Envision was developed by Watertown's Control Delivery Systems Inc., which five years ago created a first-generation eye implant device that releases an antiviral drug over an eight-month period for the treatment of cystomegalovirus (CMV) ritinitis, a debilitating condition that afflicts AIDS patients. The device is now used less frequently because of significant improvements in AIDS medications.

Control Delivery is using Envision in a series of clinical trials for uveitis; for age-related macular degeneration, the leading cause of blindness in people over 50; and for diabetic macular edema, a major cause of vision loss in people with diabetes.

Treatments for these diseases are in clinical trials with Control Delivery's partner, Bausch & Lomb Inc., the developer and marketer of health-care products for the eye. Control Delivery officials are hoping to get their first Food and Drug Administration approval of Envision for diabetics in late 2003.

``Their (Envision) concept is promising,'' said Dr.

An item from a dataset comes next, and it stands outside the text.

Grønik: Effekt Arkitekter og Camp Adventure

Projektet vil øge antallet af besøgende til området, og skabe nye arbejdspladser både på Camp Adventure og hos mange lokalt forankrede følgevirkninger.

Matthew Davis, emeritus professor of ophthalmology and visual science at the University of Wisconsin. ``But whether this device and the drug for these particular diseases will work is still unclear because it's relatively early, as few patients have had the implants.''

However, given the company's early success with AIDS patients, Davis, a Control Delivery consultant, said implant technology has been generally accepted by ophthalmologists.

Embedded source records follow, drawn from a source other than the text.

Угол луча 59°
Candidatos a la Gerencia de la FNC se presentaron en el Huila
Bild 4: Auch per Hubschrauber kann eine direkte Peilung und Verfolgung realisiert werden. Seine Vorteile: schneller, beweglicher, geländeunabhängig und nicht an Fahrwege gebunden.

Control Delivery is also evaluating a comparable sustained release drug to treat cancerous brain tumors with an implanted, refillable device. A Phase II study is slated to start this summer using bleomycin, an anti-cancer drug.

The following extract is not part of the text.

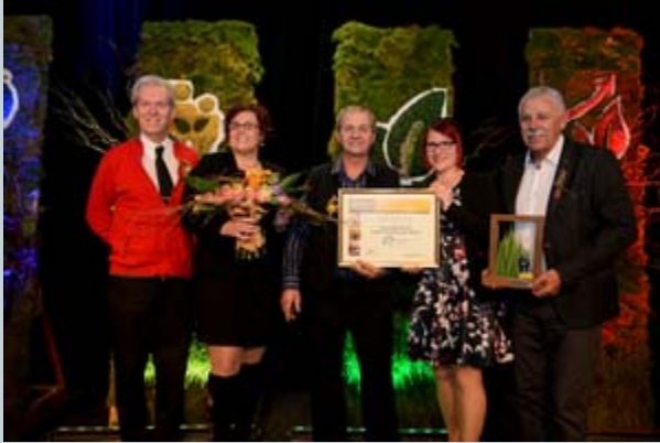
La Municipalité de Saint-François-de-Sales Catégorie 5 000 habitants et moins

Les deux gagnants du prix parrainé par la FSHEQ Reconnaissance en mobilisation citoyenne sont :
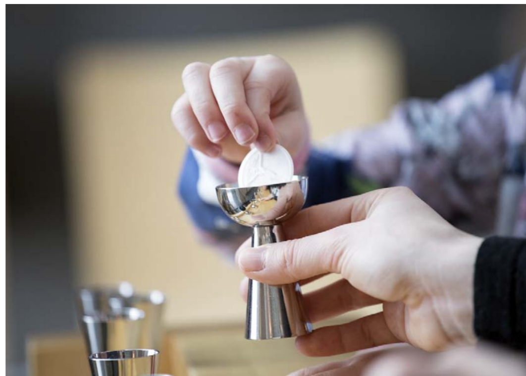
Luentojen tarkoituksena on avata seurakunnan elämän ja kirkon uskon taustalla olevia perusteita ja ajattelua. Yhtenä aiheena on muun muassa ehtoollinen.

Kevään ja ensi syksyn aikana keskustellaan muun muassa kolmiyhenteisen Jumalan käsitteestä, kirkosta hengellisenä yhteisönä, kasteesta, ehtoollisesta ja rukouksesta.

Beyond vision and brain diseases, Control Delivery recently began animal testing of a screw-type device implanted in sheep. It is designed for people with severe osteoarthritis, possibly delaying the need for joint-replacement surgery.

``By delivering medicine locally - to the eye, the brain, a joint - you provide a constant rate of a potent drug in the surrounding tissue,'' said Paul Ashton, Control Delivery president and chief executive.

By contrast, when drugs are injected into the blood stream to treat eye diseases, they often fail to reach their destination in sufficient quantities. And drops work well on the surface of the eye, but don't get to the back of the eye.

Inserting a sustained-release drug exactly where it is required also eliminates the side effects of injected or swallowed drugs that travel throughout the body.

Still, the company acknowledges some patients in its clinical trials have experienced glaucoma, in which increased pressure within the eye impairs vision and may slowly cause eye damage. Another side effect is infection from the surgical incision. Those problems, said Smith, can be corrected with existing medications.

Several other companies are also developing new ways of treating eye diseases. QLT PhotoTherapeutics Inc. of Vancouver, Canada, and its partner, Atlanta-based Ciba Vision Crop., use Visidyne, a combination of a dye and a laser system to preserve the vision of patients with age-related macular degeneration. About 12 million Americans have this disease.

Visidyne works by injecting into a patient's arm a dye that reacts to light. As the dye passes through the body and moves up to the eye, it pools in the abnormal blood vessels that have grown and leaked in the central part of the retina. Ophthalmologists then shine into the eye a low-power laser light that functions like a spot welder to seal off the leaking blood vessels to prevent further vision loss.

A third company, Eli Lilly & Co., is working on a prevention drug for diabetics who do not have clinically significant vision problems. Called a kinase C inhibitor, it is being tested in diabetics with some visual problems, with the goal of slowing the progression of diabetic macular edema.

For Bausch & Lomb, Control Delivery's Envision product line has been described as one of the most important research initiatives in the company's history.

The company bankrolled Control Delivery for several years before venture capitalists ponied up $34 million last summer. Those funds enabled the small company to expand its nonvision clinical trials.